-- How to complete this task --
From top to bottom, write out the listing exactly and skip every picture.

-- Dataset section --

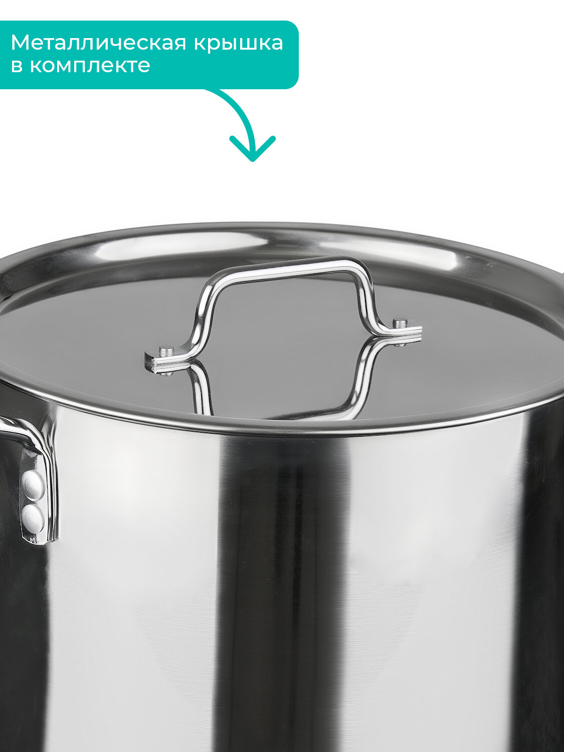 Кастрюля нержавеющая 50л d-50 h-28,5 общепит сварная с металлической крышкой клепаные ручки
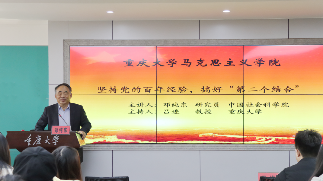 大学马克思主义高等研究院常务院长、研究员、博士生导师邓纯东作题为《坚持党的百年经验 搞好“第二个结合”》的专题讲座,马院师生70余人参加。
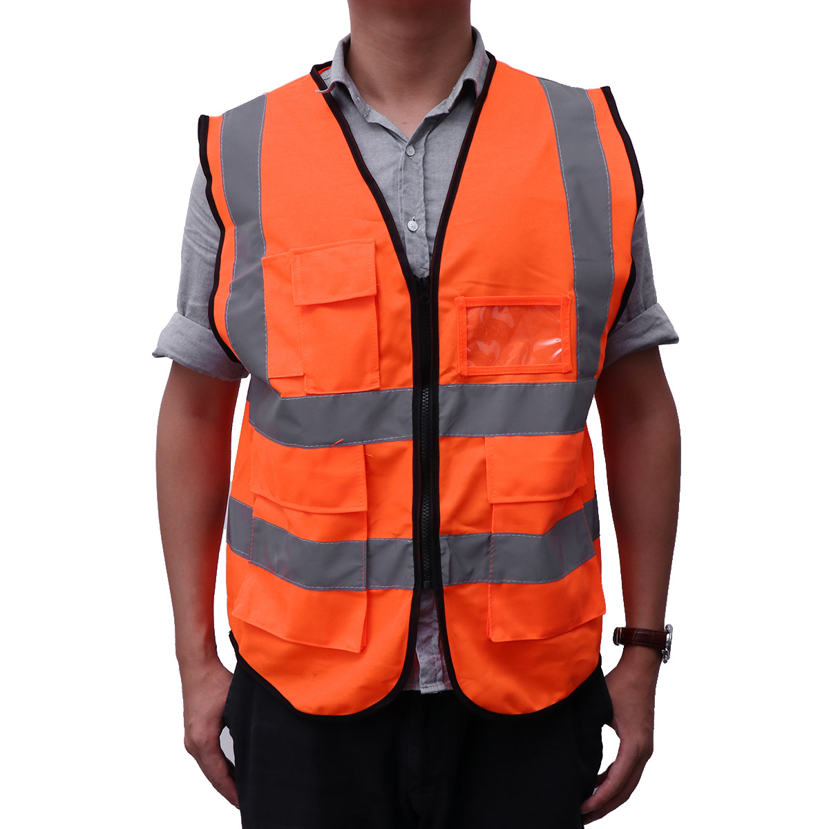 ✅ Міцна передня застібка-блискавка з міцним зміцненням стрічкою та люверсом Dring, спеціально розроблений світловідбиваючий матеріал світловідбиваючого жилета, значно покращує видимість удень і вночі.

-- Your response --
 Кастрюля нержавеющая 50л d-50 h-28,5 общепит сварная с металлической крышкой клепаные ручки
 大学马克思主义高等研究院常务院长、研究员、博士生导师邓纯东作题为《坚持党的百年经验 搞好“第二个结合”》的专题讲座,马院师生70余人参加。
 ✅ Міцна передня застібка-блискавка з міцним зміцненням стрічкою та люверсом Dring, спеціально розроблений світловідбиваючий матеріал світловідбиваючого жилета, значно покращує видимість удень і вночі.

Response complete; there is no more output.